12,闇の足音(2)

– Porom Side –

「長老は、すべてご存知だったんですね、カインさんのこと」
 数日後、わたしは帰り際に長老に言った。
 カインさんの手首の傷痕、一度は命を断とうとした暗い過去。
 わたしは何にも知らなかった。
 責めるわけじゃないけれど、わたしだけが知らなかったみたいですこし寂しい思いだった。
「ん・・・? なんじゃポロム、聞いたのか」
「カインさんが全部話してくれました」
 カインさんが包み隠さずわたしに話してくれたのはすごく嬉しかった。
 でも同時に、わたしは長老にいいように使われていたことに気付いてしまった。
「だからわたしにカインさんの様子を探るように仰ったんですね? 彼が再び命を断とうとしたり、闇を増大させていないか見張るために」
「ほっほ、そう思うてくれても構わん。おぬしならうまくやれると思うておった」
「・・・なぜです?」
「・・・ふたりとも寂しがり屋だからじゃよ。人前ではひとりでも生きてゆけると強がるくせに、そのこころの底では誰よりも人のあたたかさを求めておる。あの男は少々偏屈じゃが、おぬしとなら話もできるじゃろうと思うておった」
 長老は笑いながら話しているけれどわたしは少々呆れてしまった。
 わたしが危険な目に遭いやしないかなど考えなかったのだろうか、このお方は・・・。
「じゃが、まさかあの朴念仁が傷のことまでおぬしに話すとはのう・・・いやはや、人間丸くなるもんじゃな」
 ほっほっほ、と長老は肩を揺らして愉快そうに笑った。
「んもう、長老? あの方がもし悪い方だったら笑いごとじゃありませんわ!」
 長老がわたしを軽々しくカインさんのもとに派遣したのが気に入らなくて、わたしは腰に手を当てて頬を膨らせた。

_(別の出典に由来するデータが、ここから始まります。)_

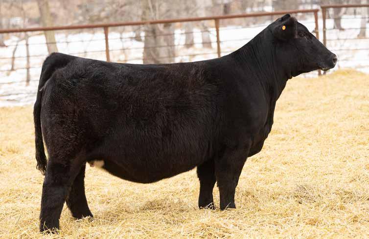 • This dark muzzled bull sure fits the quality mold of his sire with an immense amount of presence and added stoutness.
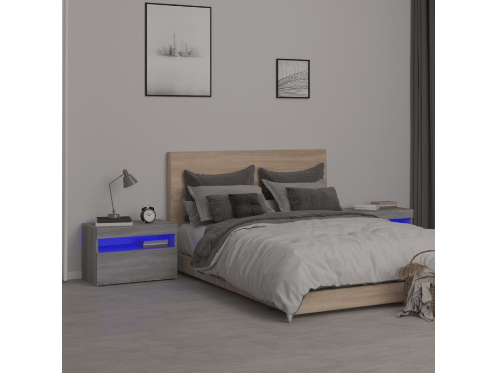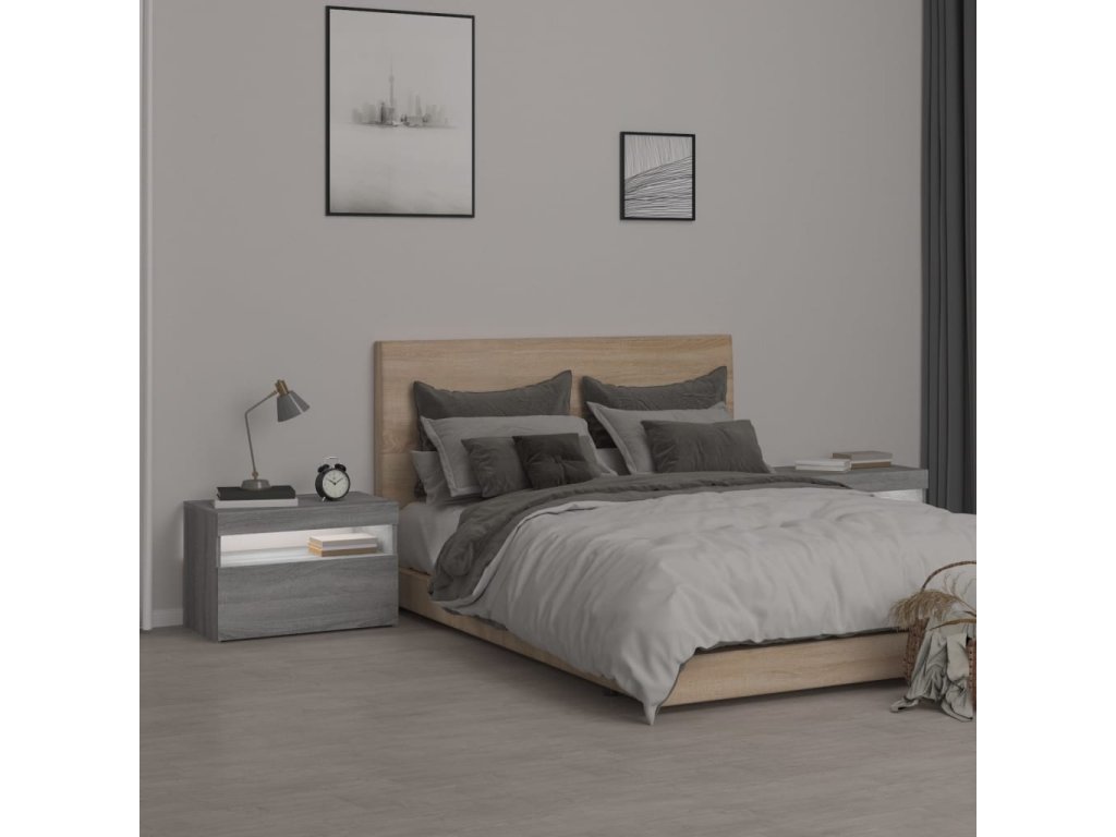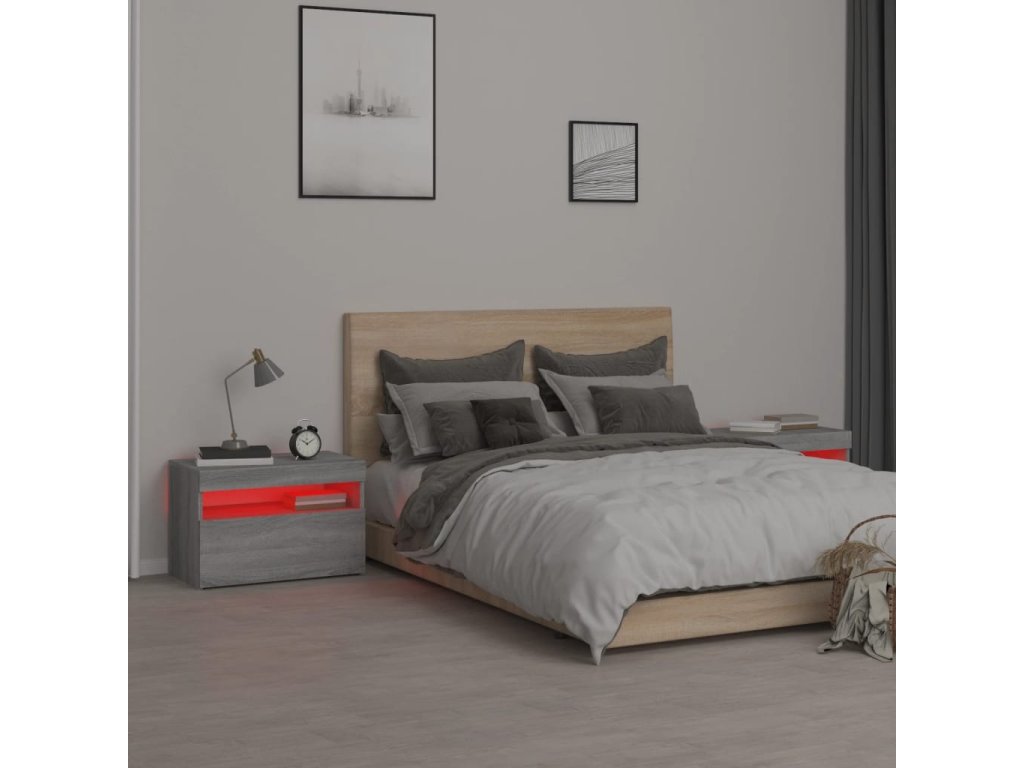 Noční stolky 2 ks s LED osvětlením šedé sonoma 60 x 35 x 40 cm

 まったく、カインさんが穏やかな方だったからよかったものの、軽率すぎるったらありゃしない。
 何かあってからでは遅いのだ。
「おや、やつはそんな悪人ではないぞ? わしだって数日看病していればそれくらいは分かるからおぬしに行かせたのじゃ。長老の目を見くびるでないぞ?」
「・・・別に見くびってません」
「それに、おぬしが一番よく分かっているのではないかな? やつがそんな人間ではないと」
「それは・・・まあ、そうですけど」
 それでも何だか納得がいかなくてわたしは唇を尖らせた。
 もちろん今はカインさんが危険な人だなんて欠片も思っていないのだけど。
 むしろ、わたしが知る中では一番素敵な方だと・・・。
 ああ、そんなことを考えると頬が熱くなってしまった。
「ともかく、何があっても彼を信じてやりなさい。彼は人の手のぬくもりを知らなすぎる・・・彼が困っている時には手を差し伸べてやりなさい。それがやつへの一番の特効薬じゃ」
「・・・はい」
 わたしの方こそ助けられてばかりなんだけどな、と内心思いつつわたしは頷いた。
 ・・・きっと長老はとうに勘付いてらっしゃるのね、わたしの中の恋心に。